→ **What you will do**
Write out the data exactly, please, and omit the pictures.

→ **Information provided**
----
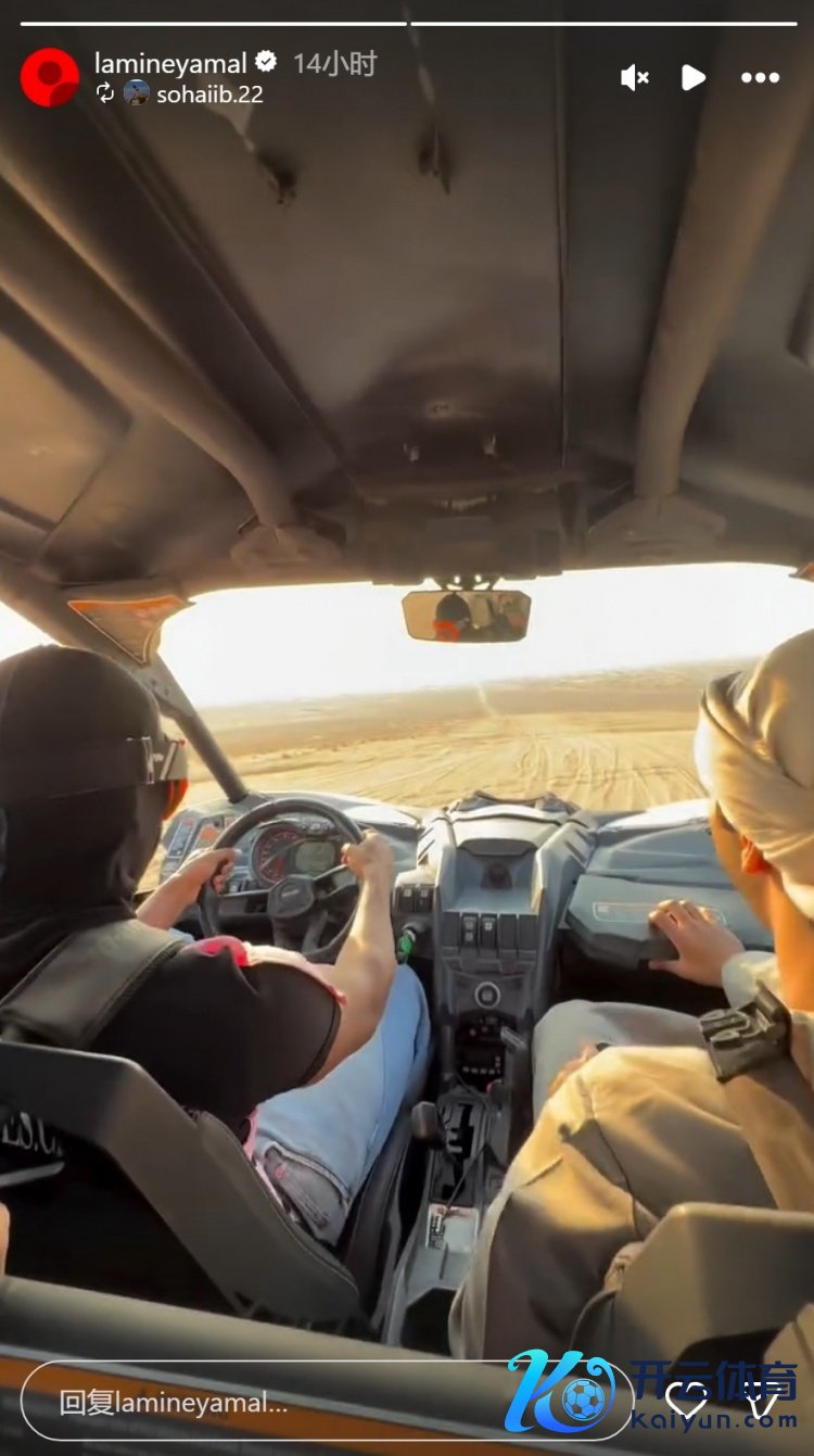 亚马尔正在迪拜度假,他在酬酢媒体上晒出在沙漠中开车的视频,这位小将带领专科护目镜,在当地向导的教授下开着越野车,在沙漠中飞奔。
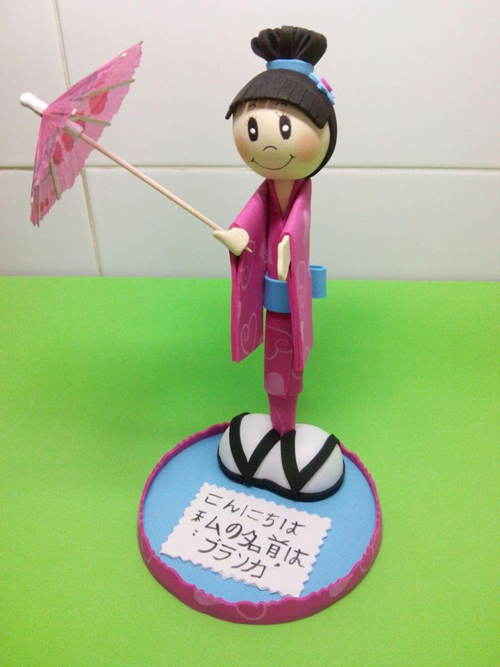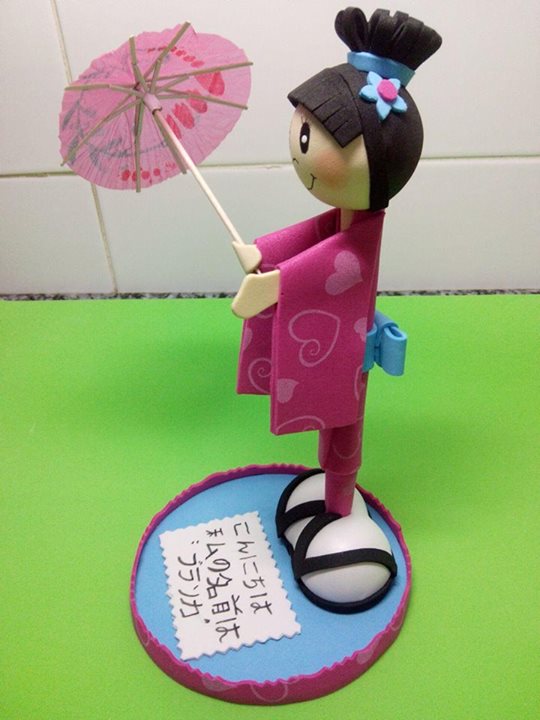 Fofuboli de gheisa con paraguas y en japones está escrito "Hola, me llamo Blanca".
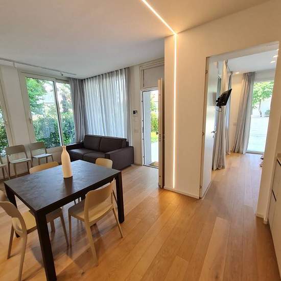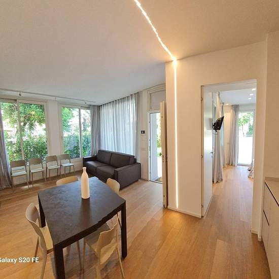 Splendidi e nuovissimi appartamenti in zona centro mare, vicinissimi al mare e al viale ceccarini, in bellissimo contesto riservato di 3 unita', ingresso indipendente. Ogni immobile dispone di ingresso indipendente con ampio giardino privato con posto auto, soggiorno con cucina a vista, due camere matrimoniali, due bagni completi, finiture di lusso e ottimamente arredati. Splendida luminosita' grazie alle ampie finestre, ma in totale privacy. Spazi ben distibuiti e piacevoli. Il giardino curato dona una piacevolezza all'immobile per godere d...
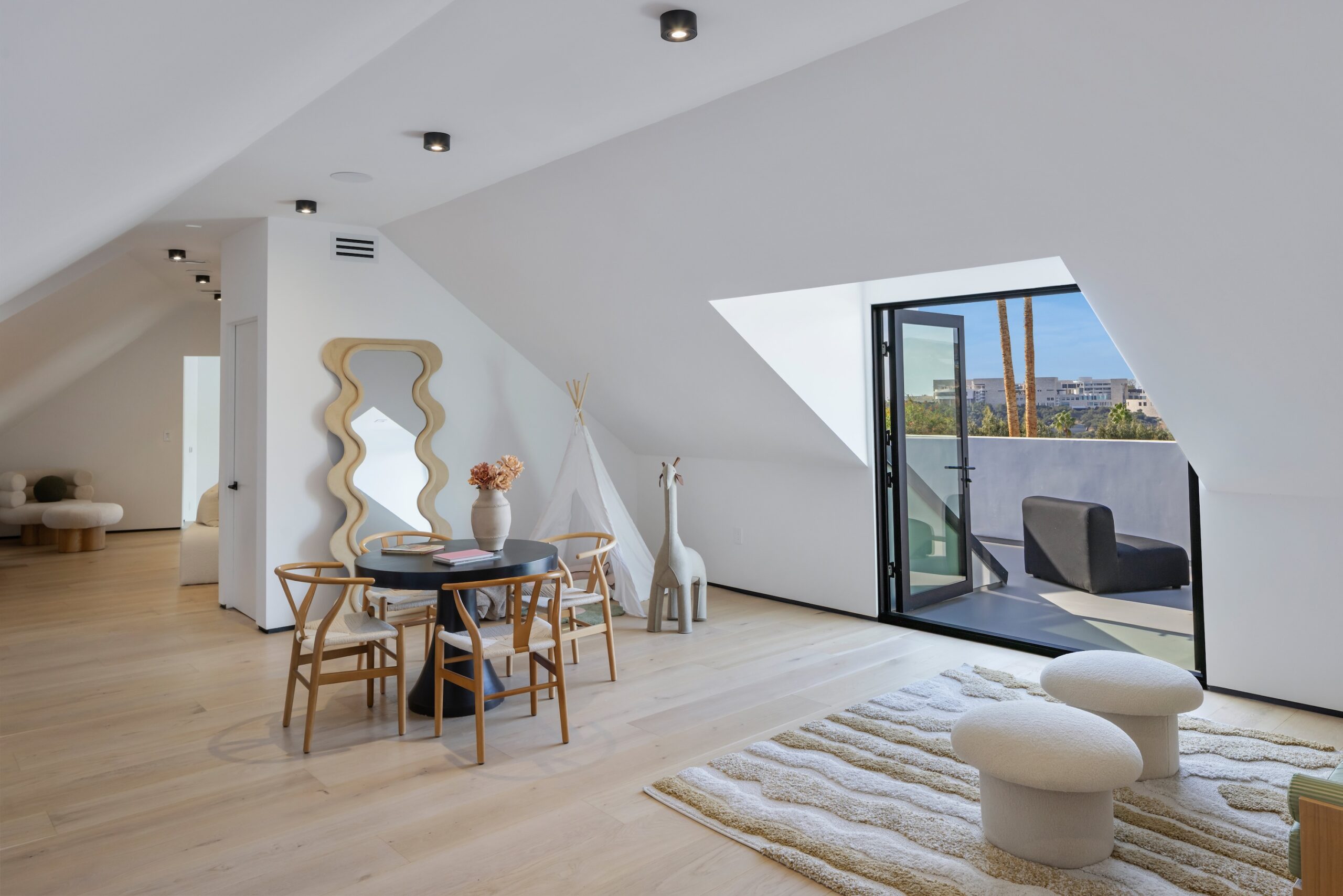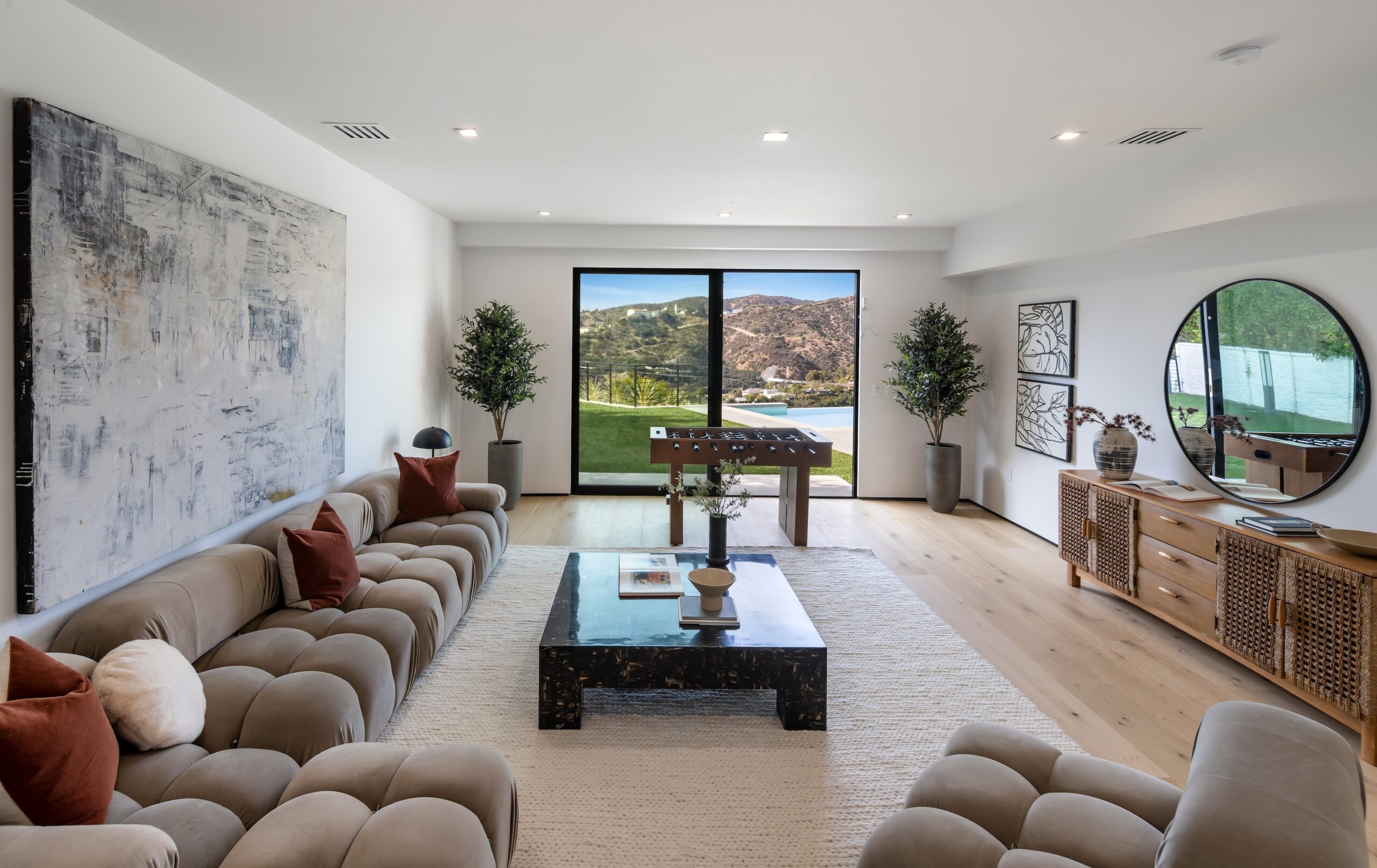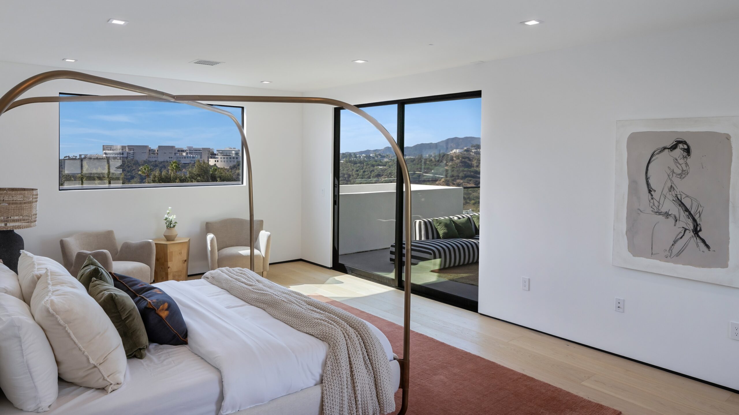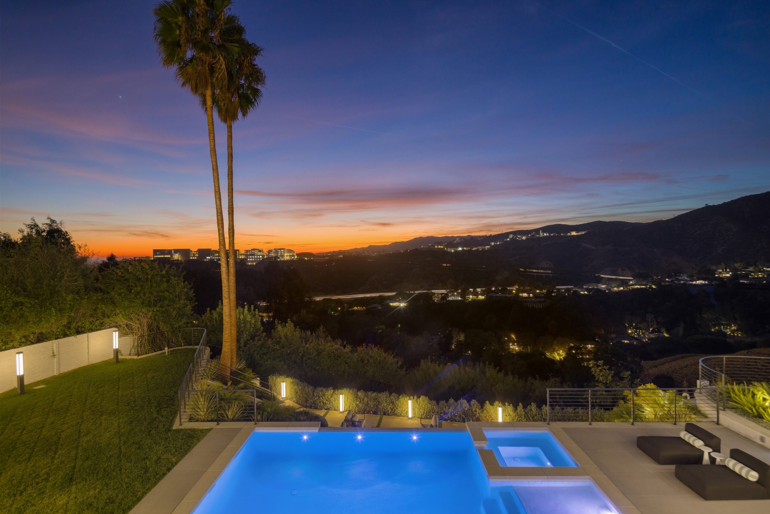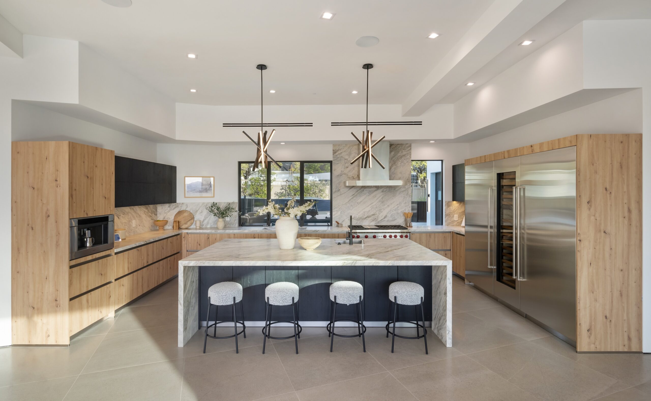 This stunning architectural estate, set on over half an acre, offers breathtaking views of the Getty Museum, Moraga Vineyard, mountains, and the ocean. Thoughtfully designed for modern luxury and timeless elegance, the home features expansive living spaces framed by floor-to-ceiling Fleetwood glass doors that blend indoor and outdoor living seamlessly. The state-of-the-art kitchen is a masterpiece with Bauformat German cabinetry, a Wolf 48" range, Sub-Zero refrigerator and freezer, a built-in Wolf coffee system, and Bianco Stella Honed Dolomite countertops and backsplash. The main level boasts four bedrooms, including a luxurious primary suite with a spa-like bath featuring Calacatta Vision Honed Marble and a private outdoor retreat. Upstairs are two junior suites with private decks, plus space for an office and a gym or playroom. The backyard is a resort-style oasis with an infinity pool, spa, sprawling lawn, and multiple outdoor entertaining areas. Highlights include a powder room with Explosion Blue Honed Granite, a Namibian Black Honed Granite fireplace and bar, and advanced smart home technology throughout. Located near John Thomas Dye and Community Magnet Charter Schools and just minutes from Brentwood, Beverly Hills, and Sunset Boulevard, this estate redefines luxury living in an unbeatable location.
----
→ **Written response**
 亚马尔正在迪拜度假,他在酬酢媒体上晒出在沙漠中开车的视频,这位小将带领专科护目镜,在当地向导的教授下开着越野车,在沙漠中飞奔。
 Fofuboli de gheisa con paraguas y en japones está escrito "Hola, me llamo Blanca".
 Splendidi e nuovissimi appartamenti in zona centro mare, vicinissimi al mare e al viale ceccarini, in bellissimo contesto riservato di 3 unita', ingresso indipendente. Ogni immobile dispone di ingresso indipendente con ampio giardino privato con posto auto, soggiorno con cucina a vista, due camere matrimoniali, due bagni completi, finiture di lusso e ottimamente arredati. Splendida luminosita' grazie alle ampie finestre, ma in totale privacy. Spazi ben distibuiti e piacevoli. Il giardino curato dona una piacevolezza all'immobile per godere d...
 This stunning architectural estate, set on over half an acre, offers breathtaking views of the Getty Museum, Moraga Vineyard, mountains, and the ocean. Thoughtfully designed for modern luxury and timeless elegance, the home features expansive living spaces framed by floor-to-ceiling Fleetwood glass doors that blend indoor and outdoor living seamlessly. The state-of-the-art kitchen is a masterpiece with Bauformat German cabinetry, a Wolf 48" range, Sub-Zero refrigerator and freezer, a built-in Wolf coffee system, and Bianco Stella Honed Dolomite countertops and backsplash. The main level boasts four bedrooms, including a luxurious primary suite with a spa-like bath featuring Calacatta Vision Honed Marble and a private outdoor retreat. Upstairs are two junior suites with private decks, plus space for an office and a gym or playroom. The backyard is a resort-style oasis with an infinity pool, spa, sprawling lawn, and multiple outdoor entertaining areas. Highlights include a powder room with Explosion Blue Honed Granite, a Namibian Black Honed Granite fireplace and bar, and advanced smart home technology throughout. Located near John Thomas Dye and Community Magnet Charter Schools and just minutes from Brentwood, Beverly Hills, and Sunset Boulevard, this estate redefines luxury living in an unbeatable location.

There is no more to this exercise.